On Fri, Jan 09, 2015 at 11:08:26AM +0100, David Herrmann wrote: > Hi > > On Fri, Jan 9, 2015 at 12:07 AM, Stéphane Graber <[email protected]> wrote: > > This adds a new detect_userns function in virt.c which will check > > whether systemd is running in the host user namespace (single map of all > > available uids and gids) or is using a uid/gid map. > > > > The check makes sure that uid_map and gid_map are both exactly equal to > > the default host map (assuming 32bit uid_t) for a process running in the > > host namespace. > > --- > > src/shared/virt.c | 43 +++++++++++++++++++++++++++++++++++++++++++ > > src/shared/virt.h | 1 + > > 2 files changed, 44 insertions(+) > > > > diff --git a/src/shared/virt.c b/src/shared/virt.c > > index f10baab..7fa8d0b 100644 > > --- a/src/shared/virt.c > > +++ b/src/shared/virt.c > > @@ -22,6 +22,7 @@ > > #include <string.h> > > #include <errno.h> > > #include <unistd.h> > > +#include <limits.h> > > > > #include "util.h" > > #include "virt.h" > > @@ -363,3 +364,45 @@ int detect_virtualization(const char **id) { > > > > return VIRTUALIZATION_NONE; > > } > > + > > +/* Detect whether we run in a uid/gid shifted namespace */ > > +int detect_userns(void) { > > + int r; > > + > > + _cleanup_free_ char* uid_map = NULL; > > + _cleanup_free_ char* gid_map = NULL; > > + > > + uid_t id_host = 0; > > + uid_t id_container = 0; > > + uid_t id_count = 0; > > + > > + /* Check if we are uid-shifted */ > > + r = read_one_line_file("/proc/self/uid_map", &uid_map); > > + if (r == 0 && > > + sscanf(uid_map, "%u %u %u", &id_host, &id_container, > > &id_count) && > > + (id_host != 0 || id_container != 0 || id_count != UINT_MAX)) > > + return 1; > > + > > + /* Check if we are gid-shifted */ > > + r = read_one_line_file("/proc/self/gid_map", &gid_map); > > + if (r == 0 && > > + sscanf(gid_map, "%u %u %u", &id_host, &id_container, > > &id_count) && > > + (id_host != 0 || id_container != 0 || id_count != UINT_MAX)) > > + return 1; > > + > > Do these files describe the mapping into the init_user_ns or into the > parent namespace?
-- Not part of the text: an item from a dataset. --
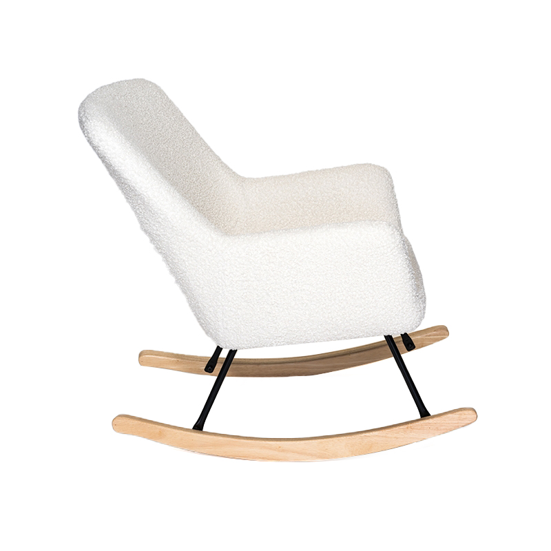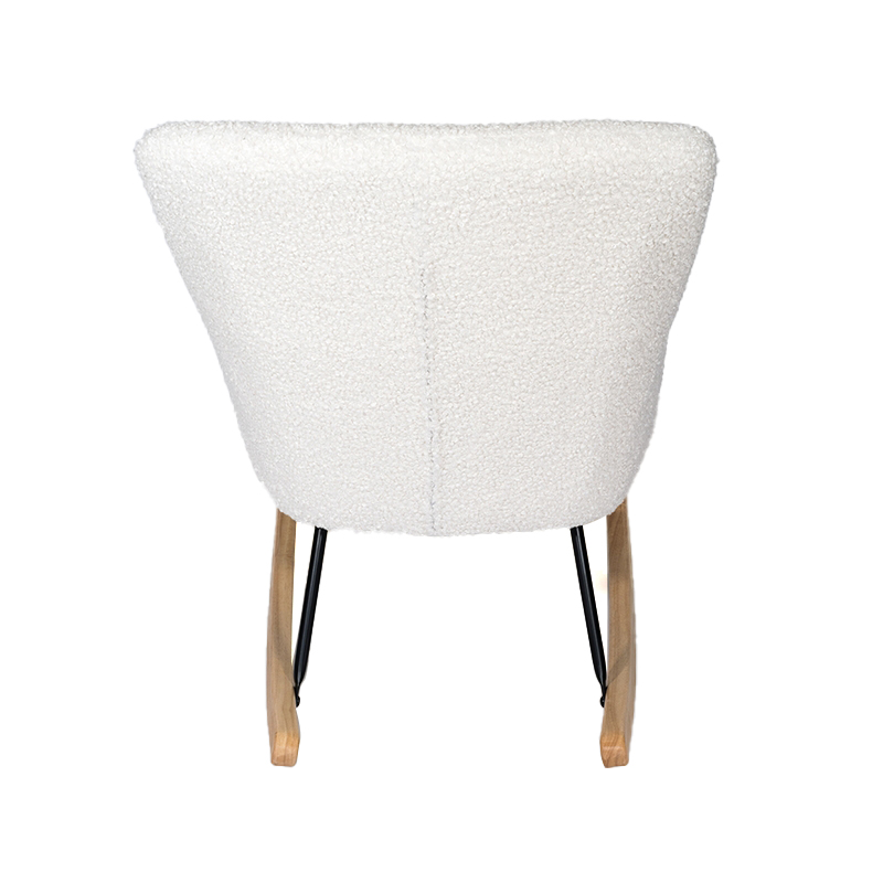 Ang puting plush na tela na tumba -tumba ay naging isang highlight ng maraming mga dekorasyon sa bahay na may simple ngunit matikas na istilo ng disenyo. Gumagamit ito ng de-kalidad na plush na tela bilang tela, na malambot at komportable sa pagpindot, na nagpapahintulot sa mga tao na madama ang init at pambalot na pakiramdam tulad ng mga ulap habang tinatamasa ang saya ng tumba. Ang puting scheme ng kulay ay nagbibigay sa rocking chair na ito ng isang sariwa at pino na pag -uugali. Inilagay man ito sa sala, silid -tulugan o balkonahe, maaari itong timpla nang maayos sa nakapaligid na kapaligiran at magdagdag ng isang maliwanag na kulay sa kapaligiran ng bahay.
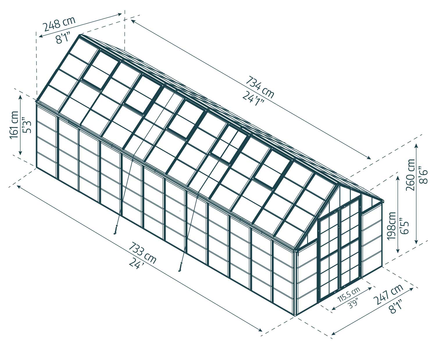 The crystal-clear polycarbonate panels provide over 90% light transmission, will not yellow over time, are virtually unbreakable, and block 100% of harmful UV rays. The 8’ series features two extra-tall doors for easy entry and an 8’ wide floor for lots of room to move. It also has two (2) adjustable roof vents to provide ventilation and temperature control.

Because in the second case, if you create a > user-namespace with a non-identity mapping and inside of it a user-ns > with an identity-mapping, your detect_userns() will return 0, even > though you run in a user-namespace.
Into the parent namespace.
An example is:
- host (0 0 4294967295) (init_user_ns all uids mapped)
- container (0 1000000 1000000) (a million uids mapped from 0 to 1000000 in
the namespace, corresponding to 1000000 to 1999999 on the host)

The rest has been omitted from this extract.